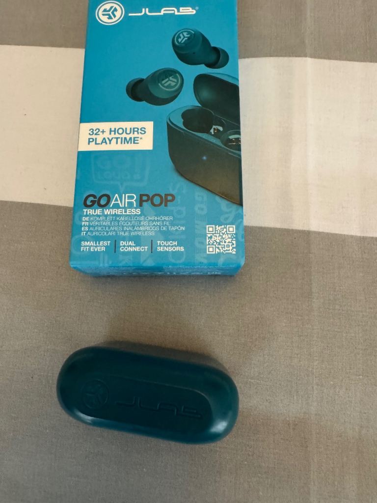 Jlab go air pop earbuds charging case with the box and instructions manual for sale
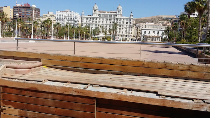 Echávarri los acusaba directamente de "degradar" la imagen de Alicante. "La imagen de la zona portuaria no es la que se merece una ciudad como Alicante", decía entonces Gabriel Echávarri, quien seguramente no imaginaba que tres años después ocuparía la Alcaldía. "Podemos observar el deterioro de las zonas de paso sin que nadie se preocupe por arreglarlas", criticaba el secretario local del PSOE. Y no sólo eso, Echávarri también alertaba de que los desperfectos suponían un "riesgo para los visitantes". Tres años después, Echávarri es alcalde y el deterioro del paseo del Puerto continúa ante la indiferencia de los responsables y el silencio de otras administraciones.
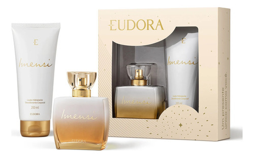 Kit Presente Imensi EudoraO Kit Presente Imensi é um horizonte de possibilidades!Com dois itens, traz o desodorante colônia com uma perfumação vibrante e marcante, combinada com a maciez da loção hidratante.O presente feminino ideal, vem em uma caixa para presente sofisticada, pronto para presentear!Confira:COLÔNIA DESODORANTEImensi Desodorante Colônia é uma fragrância que harmoniza notas abertas, refinadas, femininas e sensuais. Inspirada na beleza marroquina, sua fórmula conta com acordes de Flores do Deserto, aflorando e trazendo também o frescor das flores de laranjeira. LOÇÃO CORPORALA Loção Hidratante Desodorante Corporal Imensi também traz o acorde exclusivo das flores do deserto, sendo uma loção corporal cremosa e exuberante. Ideal para hidratar a pele, a loção Imensi potencializa a rotina de cuidados. CAIXA PARA PRESENTENenhum produto Eudora é testado em animais, ou seja, este item possui selo Cruelty Free.Este kit contém:01 Imensi Desodorante Colônia 100ml01 Loção Hidratante Desodorante Corporal Imensi 200ml
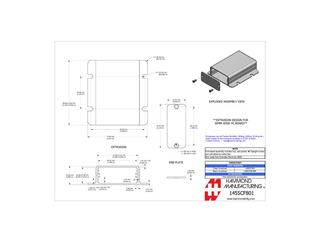 Aluminium Anodized 80x54x23mm Black Plastic End Panels Black
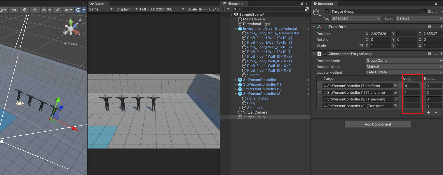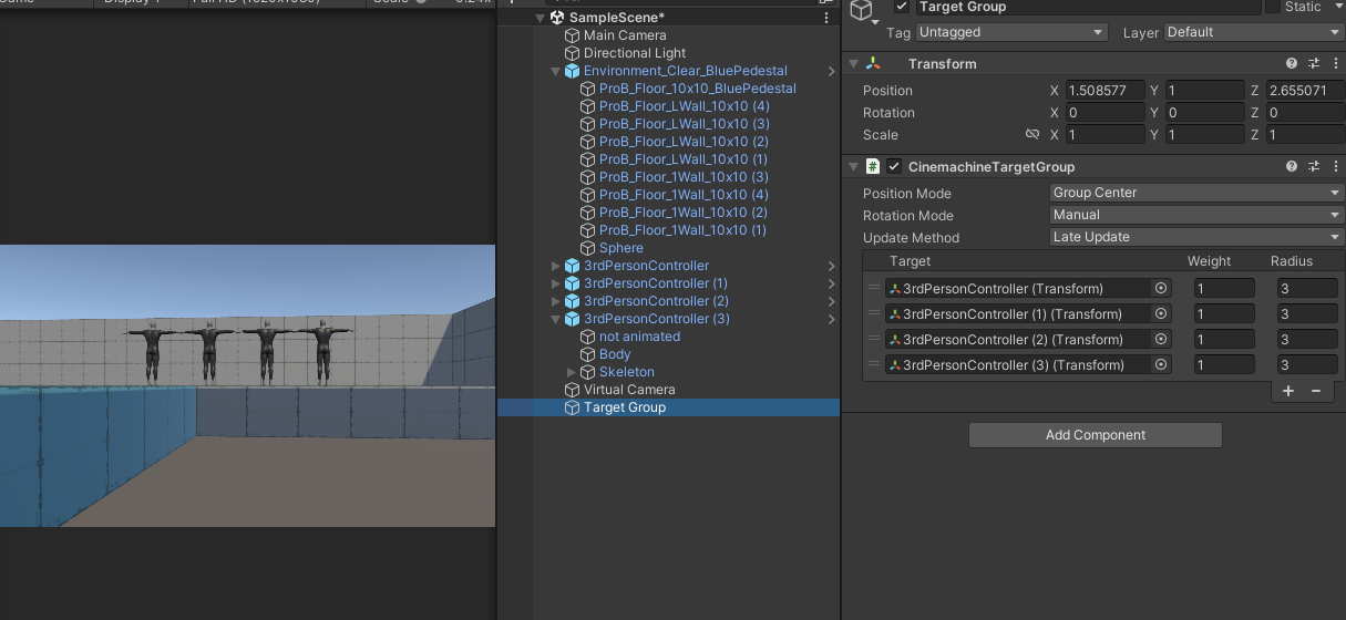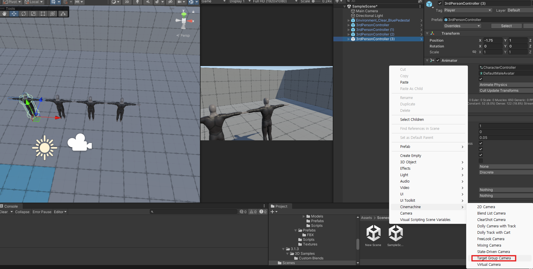 타겟 그룹을 설정하기 위해 플레이어 수를 늘리고, 타겟 그룹 카메라를 만들어 보자.
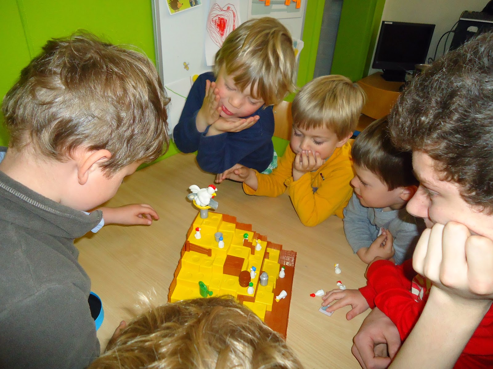We speelden een spel met paaseitjes waarbij we drie kenmerken moesten combineren om het juiste paasei te vinden. Niet zo makkelijk maar wel leuk!

________________________________________

■ **Task details**: Every line above goes into your copy exactly; no images go in.

■ **Worked solution**:
 Jlab go air pop earbuds charging case with the box and instructions manual for sale
 Echávarri los acusaba directamente de "degradar" la imagen de Alicante. "La imagen de la zona portuaria no es la que se merece una ciudad como Alicante", decía entonces Gabriel Echávarri, quien seguramente no imaginaba que tres años después ocuparía la Alcaldía. "Podemos observar el deterioro de las zonas de paso sin que nadie se preocupe por arreglarlas", criticaba el secretario local del PSOE. Y no sólo eso, Echávarri también alertaba de que los desperfectos suponían un "riesgo para los visitantes". Tres años después, Echávarri es alcalde y el deterioro del paseo del Puerto continúa ante la indiferencia de los responsables y el silencio de otras administraciones.
 Kit Presente Imensi EudoraO Kit Presente Imensi é um horizonte de possibilidades!Com dois itens, traz o desodorante colônia com uma perfumação vibrante e marcante, combinada com a maciez da loção hidratante.O presente feminino ideal, vem em uma caixa para presente sofisticada, pronto para presentear!Confira:COLÔNIA DESODORANTEImensi Desodorante Colônia é uma fragrância que harmoniza notas abertas, refinadas, femininas e sensuais. Inspirada na beleza marroquina, sua fórmula conta com acordes de Flores do Deserto, aflorando e trazendo também o frescor das flores de laranjeira. LOÇÃO CORPORALA Loção Hidratante Desodorante Corporal Imensi também traz o acorde exclusivo das flores do deserto, sendo uma loção corporal cremosa e exuberante. Ideal para hidratar a pele, a loção Imensi potencializa a rotina de cuidados. CAIXA PARA PRESENTENenhum produto Eudora é testado em animais, ou seja, este item possui selo Cruelty Free.Este kit contém:01 Imensi Desodorante Colônia 100ml01 Loção Hidratante Desodorante Corporal Imensi 200ml
 Aluminium Anodized 80x54x23mm Black Plastic End Panels Black
 타겟 그룹을 설정하기 위해 플레이어 수를 늘리고, 타겟 그룹 카메라를 만들어 보자.
We speelden een spel met paaseitjes waarbij we drie kenmerken moesten combineren om het juiste paasei te vinden. Niet zo makkelijk maar wel leuk!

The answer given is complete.